Ovarian cancer is the seventh most common cancer in women worldwide, with over 200 000 new cases and approximately 180 000 deaths annually.1 Five-year survival rates for the disease are highly dependent on a number of factors including the patient’s age, country of residence and tumour type.2 Late-stage diagnosis contributes heavily to the high mortality rates associated with ovarian cancer and is an ongoing challenge globally.3 For instance, in the UK, almost 60% of cases are diagnosed at stage III or IV where average 5-year survival is just 26.9% and 13.4%, respectively.4 Improving diagnostic outcomes is multifaceted problem, however, delays in help-seeking on symptom onset and access to timely testing have been identified as challenges to earlier diagnosis.5

National guidelines for the investigation of suspected ovarian cancer in symptomatic women vary substantially between countries.6 Existing tests include the CA125 blood test and imaging tests, most commonly a transabdominal/transvaginal ultrasound (TVUS) but also CT and MRI.7 Variations in guidance represents uncertainty around the accuracy of existing test strategies, especially for the early investigation of symptoms. Evidence evaluating the performance of diagnostic tests in a primary care setting is very limited.8 Furthermore, for recommendations to be effective, clinical guidelines must also consider the preferences of those offered testing, particularly in healthcare systems emphasising shared-decision making.9 Available tests differ substantially, not only in terms of performance but also service delivery and patient experience. Aspects of tests may be prioritised differently; for instance, patients may accept a lower levels of accuracy a less invasive test. Thus, it may be necessary to weight characteristics differently when considering the overall balance of benefits and harms.

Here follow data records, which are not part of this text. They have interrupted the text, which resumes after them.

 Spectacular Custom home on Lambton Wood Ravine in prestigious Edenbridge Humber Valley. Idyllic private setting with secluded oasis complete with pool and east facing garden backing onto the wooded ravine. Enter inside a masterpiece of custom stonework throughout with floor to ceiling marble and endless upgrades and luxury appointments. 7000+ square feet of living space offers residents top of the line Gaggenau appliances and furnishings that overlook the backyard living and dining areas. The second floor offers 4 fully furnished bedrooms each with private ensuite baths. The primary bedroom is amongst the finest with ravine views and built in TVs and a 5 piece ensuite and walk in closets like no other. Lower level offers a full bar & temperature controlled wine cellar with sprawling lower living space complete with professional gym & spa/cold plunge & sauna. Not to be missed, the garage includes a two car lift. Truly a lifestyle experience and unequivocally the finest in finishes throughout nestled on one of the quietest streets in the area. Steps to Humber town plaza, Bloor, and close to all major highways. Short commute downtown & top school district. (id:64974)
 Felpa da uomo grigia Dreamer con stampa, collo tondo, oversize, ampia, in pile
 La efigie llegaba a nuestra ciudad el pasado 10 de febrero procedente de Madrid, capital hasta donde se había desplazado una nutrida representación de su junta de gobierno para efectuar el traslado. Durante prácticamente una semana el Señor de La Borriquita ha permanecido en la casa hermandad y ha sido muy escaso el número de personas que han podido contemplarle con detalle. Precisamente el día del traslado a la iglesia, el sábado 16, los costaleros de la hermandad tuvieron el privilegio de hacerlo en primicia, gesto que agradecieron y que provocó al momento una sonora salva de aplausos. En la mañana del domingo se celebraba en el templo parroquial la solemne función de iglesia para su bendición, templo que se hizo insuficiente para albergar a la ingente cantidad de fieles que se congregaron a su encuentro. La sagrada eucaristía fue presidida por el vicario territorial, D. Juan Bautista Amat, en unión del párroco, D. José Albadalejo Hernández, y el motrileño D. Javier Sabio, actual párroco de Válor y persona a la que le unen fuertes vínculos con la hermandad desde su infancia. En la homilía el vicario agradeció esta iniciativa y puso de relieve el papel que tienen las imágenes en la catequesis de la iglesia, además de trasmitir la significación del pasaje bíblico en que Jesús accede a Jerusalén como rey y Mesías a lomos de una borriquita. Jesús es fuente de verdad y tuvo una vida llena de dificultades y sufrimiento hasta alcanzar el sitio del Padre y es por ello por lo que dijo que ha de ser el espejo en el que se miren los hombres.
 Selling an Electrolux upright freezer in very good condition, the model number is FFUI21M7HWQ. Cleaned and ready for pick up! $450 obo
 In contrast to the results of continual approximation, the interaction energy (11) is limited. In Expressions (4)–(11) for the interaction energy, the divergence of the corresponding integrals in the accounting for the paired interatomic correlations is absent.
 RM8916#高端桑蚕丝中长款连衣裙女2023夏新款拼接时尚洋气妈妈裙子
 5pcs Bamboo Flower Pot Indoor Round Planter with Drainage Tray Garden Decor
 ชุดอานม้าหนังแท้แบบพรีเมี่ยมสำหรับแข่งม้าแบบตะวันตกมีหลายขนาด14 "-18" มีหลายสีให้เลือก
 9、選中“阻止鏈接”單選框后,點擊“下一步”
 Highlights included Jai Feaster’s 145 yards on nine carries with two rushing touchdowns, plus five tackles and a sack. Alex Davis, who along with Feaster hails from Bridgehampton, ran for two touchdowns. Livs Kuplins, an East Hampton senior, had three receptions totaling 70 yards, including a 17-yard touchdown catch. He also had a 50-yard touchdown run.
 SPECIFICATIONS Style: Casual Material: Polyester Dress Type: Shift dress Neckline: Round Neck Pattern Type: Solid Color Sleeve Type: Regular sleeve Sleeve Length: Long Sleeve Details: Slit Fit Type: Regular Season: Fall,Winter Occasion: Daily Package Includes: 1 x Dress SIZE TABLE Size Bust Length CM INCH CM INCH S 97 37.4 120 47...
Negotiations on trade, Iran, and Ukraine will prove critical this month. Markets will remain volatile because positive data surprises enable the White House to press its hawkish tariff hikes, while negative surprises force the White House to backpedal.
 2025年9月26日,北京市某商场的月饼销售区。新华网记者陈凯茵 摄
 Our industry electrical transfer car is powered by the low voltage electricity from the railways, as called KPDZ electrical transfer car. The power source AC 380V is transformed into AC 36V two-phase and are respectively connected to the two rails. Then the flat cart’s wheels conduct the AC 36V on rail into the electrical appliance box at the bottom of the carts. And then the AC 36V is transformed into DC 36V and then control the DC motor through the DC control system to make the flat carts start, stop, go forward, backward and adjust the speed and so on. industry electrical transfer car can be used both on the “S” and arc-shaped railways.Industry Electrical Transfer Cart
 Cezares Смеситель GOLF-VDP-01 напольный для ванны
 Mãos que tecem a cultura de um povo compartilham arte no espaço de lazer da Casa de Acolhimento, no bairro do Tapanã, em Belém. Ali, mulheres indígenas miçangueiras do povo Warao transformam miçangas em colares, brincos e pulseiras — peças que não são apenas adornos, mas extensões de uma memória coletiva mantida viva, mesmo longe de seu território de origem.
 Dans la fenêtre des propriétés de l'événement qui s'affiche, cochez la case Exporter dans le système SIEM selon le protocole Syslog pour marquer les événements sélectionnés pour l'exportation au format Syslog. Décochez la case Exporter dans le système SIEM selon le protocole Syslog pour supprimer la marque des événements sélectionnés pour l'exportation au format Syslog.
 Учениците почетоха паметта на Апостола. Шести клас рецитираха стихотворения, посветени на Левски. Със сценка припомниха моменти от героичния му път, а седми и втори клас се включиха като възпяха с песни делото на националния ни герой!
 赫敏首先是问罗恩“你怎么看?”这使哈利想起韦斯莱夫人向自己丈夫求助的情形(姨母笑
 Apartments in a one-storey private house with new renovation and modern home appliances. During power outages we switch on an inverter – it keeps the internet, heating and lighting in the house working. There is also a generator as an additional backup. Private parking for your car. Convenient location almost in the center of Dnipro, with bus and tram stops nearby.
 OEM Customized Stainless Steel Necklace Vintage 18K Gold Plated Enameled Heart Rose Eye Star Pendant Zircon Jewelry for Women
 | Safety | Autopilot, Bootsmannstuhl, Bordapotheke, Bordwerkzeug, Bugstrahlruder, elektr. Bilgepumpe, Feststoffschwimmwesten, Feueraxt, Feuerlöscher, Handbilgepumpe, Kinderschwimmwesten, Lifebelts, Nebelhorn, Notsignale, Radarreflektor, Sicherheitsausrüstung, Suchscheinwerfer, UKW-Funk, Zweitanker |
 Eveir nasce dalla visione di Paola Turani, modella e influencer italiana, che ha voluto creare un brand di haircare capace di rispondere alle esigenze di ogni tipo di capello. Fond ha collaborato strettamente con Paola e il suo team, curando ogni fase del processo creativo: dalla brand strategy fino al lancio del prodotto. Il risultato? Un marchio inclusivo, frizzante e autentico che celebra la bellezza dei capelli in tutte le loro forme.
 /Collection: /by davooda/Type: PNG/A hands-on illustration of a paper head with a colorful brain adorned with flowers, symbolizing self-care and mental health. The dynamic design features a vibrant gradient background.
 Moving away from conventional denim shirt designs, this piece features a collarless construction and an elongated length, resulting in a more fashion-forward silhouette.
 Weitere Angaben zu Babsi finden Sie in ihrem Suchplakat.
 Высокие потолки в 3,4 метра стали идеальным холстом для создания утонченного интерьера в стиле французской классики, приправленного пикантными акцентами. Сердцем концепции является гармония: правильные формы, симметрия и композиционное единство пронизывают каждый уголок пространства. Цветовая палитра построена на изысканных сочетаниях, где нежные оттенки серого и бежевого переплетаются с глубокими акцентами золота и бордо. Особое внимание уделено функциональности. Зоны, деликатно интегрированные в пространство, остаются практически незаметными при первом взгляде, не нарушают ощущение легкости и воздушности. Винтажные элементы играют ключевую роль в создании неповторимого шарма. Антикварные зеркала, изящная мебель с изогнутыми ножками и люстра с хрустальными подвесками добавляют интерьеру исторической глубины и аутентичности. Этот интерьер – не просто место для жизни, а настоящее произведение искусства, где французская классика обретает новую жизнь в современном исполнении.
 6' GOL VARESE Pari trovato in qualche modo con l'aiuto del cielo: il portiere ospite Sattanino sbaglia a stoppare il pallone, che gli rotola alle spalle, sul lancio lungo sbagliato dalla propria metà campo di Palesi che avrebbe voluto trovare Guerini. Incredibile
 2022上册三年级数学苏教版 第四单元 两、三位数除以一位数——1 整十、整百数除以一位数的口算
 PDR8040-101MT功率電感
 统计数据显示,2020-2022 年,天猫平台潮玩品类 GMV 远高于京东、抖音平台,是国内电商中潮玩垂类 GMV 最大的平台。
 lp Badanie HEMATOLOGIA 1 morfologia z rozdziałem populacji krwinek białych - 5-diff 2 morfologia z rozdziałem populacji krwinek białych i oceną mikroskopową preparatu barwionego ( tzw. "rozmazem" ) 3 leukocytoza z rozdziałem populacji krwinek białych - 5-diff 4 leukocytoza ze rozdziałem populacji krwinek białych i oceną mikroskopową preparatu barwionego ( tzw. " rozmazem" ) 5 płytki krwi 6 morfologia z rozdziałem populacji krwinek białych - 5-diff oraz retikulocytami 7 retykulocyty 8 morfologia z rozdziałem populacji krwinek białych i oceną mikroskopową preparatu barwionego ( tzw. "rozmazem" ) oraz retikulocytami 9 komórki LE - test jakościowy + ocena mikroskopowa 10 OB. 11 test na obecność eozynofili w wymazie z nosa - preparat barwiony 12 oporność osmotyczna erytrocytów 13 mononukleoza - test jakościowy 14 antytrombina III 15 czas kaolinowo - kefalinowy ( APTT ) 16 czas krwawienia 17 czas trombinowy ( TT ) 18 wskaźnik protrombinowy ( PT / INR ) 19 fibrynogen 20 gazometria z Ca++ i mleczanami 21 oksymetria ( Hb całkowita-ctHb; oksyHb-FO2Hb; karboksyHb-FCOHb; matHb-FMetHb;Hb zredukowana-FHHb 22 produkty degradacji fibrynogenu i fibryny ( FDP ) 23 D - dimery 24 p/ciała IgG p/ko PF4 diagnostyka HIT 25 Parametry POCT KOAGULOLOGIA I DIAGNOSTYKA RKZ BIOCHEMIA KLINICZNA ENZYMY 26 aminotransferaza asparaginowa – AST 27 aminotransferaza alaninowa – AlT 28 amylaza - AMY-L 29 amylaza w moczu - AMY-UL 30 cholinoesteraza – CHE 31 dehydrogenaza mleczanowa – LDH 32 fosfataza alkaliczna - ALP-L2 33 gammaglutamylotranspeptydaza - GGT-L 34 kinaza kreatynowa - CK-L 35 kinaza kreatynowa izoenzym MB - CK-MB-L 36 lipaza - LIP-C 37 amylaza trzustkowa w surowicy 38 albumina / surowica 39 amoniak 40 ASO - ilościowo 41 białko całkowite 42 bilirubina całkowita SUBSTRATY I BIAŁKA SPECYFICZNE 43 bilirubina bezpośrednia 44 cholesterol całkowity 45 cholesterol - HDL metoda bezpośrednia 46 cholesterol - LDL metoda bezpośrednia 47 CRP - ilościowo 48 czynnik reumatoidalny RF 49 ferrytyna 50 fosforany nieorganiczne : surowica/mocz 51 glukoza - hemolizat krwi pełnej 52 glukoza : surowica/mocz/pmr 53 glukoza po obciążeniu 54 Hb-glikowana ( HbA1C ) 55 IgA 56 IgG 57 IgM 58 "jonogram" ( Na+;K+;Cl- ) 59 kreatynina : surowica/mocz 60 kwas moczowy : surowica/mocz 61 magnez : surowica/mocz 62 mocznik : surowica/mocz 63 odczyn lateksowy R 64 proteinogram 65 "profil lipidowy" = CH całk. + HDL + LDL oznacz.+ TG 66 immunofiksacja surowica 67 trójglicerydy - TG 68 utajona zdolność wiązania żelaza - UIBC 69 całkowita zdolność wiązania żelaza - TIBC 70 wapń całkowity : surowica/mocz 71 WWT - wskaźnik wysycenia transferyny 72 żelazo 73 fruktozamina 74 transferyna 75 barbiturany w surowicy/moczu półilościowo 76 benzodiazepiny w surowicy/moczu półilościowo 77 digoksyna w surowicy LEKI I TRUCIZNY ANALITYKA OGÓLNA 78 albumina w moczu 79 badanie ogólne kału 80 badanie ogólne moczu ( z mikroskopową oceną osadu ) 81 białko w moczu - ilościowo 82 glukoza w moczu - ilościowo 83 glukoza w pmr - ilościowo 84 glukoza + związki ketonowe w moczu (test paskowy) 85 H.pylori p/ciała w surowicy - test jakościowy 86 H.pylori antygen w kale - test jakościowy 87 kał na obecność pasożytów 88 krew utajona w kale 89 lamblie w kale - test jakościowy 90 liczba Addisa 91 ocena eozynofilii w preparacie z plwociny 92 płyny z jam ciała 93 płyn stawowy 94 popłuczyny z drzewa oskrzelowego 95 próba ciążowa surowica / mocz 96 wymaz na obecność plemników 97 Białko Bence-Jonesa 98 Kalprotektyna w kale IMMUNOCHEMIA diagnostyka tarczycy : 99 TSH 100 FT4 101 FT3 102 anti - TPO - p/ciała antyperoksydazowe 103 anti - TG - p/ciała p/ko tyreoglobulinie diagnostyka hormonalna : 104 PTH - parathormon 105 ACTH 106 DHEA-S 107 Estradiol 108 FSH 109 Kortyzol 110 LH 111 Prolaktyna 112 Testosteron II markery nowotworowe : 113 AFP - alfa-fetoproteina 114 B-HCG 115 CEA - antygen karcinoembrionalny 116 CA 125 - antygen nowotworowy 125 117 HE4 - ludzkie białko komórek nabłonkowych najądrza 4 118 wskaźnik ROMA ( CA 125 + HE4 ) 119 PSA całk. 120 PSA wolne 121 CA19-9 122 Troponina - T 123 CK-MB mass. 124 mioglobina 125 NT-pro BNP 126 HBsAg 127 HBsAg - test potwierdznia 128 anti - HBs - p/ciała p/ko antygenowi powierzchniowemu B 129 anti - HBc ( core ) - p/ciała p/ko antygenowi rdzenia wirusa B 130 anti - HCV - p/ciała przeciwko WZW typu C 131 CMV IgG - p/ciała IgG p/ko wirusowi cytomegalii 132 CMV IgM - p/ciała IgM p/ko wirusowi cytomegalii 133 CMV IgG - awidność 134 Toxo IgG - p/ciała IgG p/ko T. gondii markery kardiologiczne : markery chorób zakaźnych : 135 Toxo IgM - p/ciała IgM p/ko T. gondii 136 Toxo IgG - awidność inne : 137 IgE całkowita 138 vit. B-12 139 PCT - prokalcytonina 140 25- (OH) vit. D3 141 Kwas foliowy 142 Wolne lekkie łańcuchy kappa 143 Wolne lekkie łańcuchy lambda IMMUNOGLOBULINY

To date, very little attention has been paid to the priorities of women facing ovarian cancer testing, particularly in a diagnostic setting. Existing studies usually focus on screening trials,10 single test modalities11 or single aspects of acceptability, such as pain.12 To address the current evidence gap, we aimed to elicit preferences for 25 key characteristics (‘items’) of ovarian cancer testing, using best–worst scaling (BWS). This is a stated preference technique that has been demonstrated to provide higher predictive values than ranking or rating methods while being less cognitively demanding.13 Understanding the importance of key characteristics allows aspects of greatest importance to be given increased salience in future decisions about testing, particularly in guideline revision.

Previous studies have demonstrated views may differ based on previous experience of the health event. We; therefore, examined the relationship between priorities around ovarian cancer testing and test experience.14 15

Methods

Patient and public involvement in the research

The survey was shared and discussed with the Cancer Research UK-funded CanTest PPI lead, Margaret Johnson. Amendments in survey wording were made as a result of discussions.

Best–worst scaling

We used case 1 BWS method to identify women’s preferences for characteristics associated with diagnostic testing for ovarian cancer. This type of BWS aims to assess the relative importance of, or preference for, items based on the underlying principles of random utility theory.16 BWS was initially developed in marketing but has been increasingly used in healthcare research for explorations of patient and stakeholder preferences.16–18 In particular, case 1 BWS has been demonstrated to be an effective alternative to traditionally used ranking or ratings tasks when considering patient priorities.19

During BWS tasks, participants respond to a series of choice tasks presenting a subset of items and asked to select the ‘best’ or ‘most important’ and ‘worst’ or ‘least important’ item. Simultaneously examining items selected as ‘most’ and ‘least’ important provides greater information than examining the most important item alone. Analysing responses to choice tasks allows the underlying relative importance of items to be inferred and a ranking of included items to be established.19

Identification of relevant items

Results demonstrate the importance of an item, relative to the other included item. It is therefore important to use a rigorous selection process to ensure the most salient characteristics are included in the experiment. We performed a systematic review of the preference-based literature to identify characteristics relating to cancer testing.20 Potential characteristics were then narrowed down by the authors based on relevance to ovarian cancer testing in symptomatic patients using an iterative Delphi method process where exclusion required full agreement of the research team. In total, 25 characteristics were selected for inclusion (table 1).

Table 1

Characteristics included in the BWS study (wording and descriptions are identical to those shown to respondents during the survey)

BWS task construction

A balanced incomplete block design (BIBD) generated using SAS V.9.4 was used to construct the BWS choice sets for the 25 items. BIBD designs ensure each item appears equally often, and pairwise comparisons between each of the items occurs equally across the design.21 A final design (d-efficiency of 83.3%) consisting of 30 choice tasks each with five items was selected based on a trade-off between survey complexity and design efficiency. Each item appeared six times across the choice tasks and coappeared with remaining attributes once throughout the experiment. The position of the item within choice tasks was optimised such that items were listed in 1st–5th position equally and the order of tasks was randomised across participants to control for any order effects. Each participant completed all 30 tasks. An example of a BWS task is shown in figure 1.

Figure 1

Example of a choice task.

Questionnaire

The questionnaire was developed and collected using LimeSurvey, an online survey platform. The survey consisted of four stages as follows: (1) Sociodemographic questions, for example, age, education, employment status; (2) BWS questions (including a warm-up task); (3) Task feedback questions, for example, task difficulty and (4) Background questions relating to health-related characteristics, for example, self-reported health, testing history, current and desired in medical decisions.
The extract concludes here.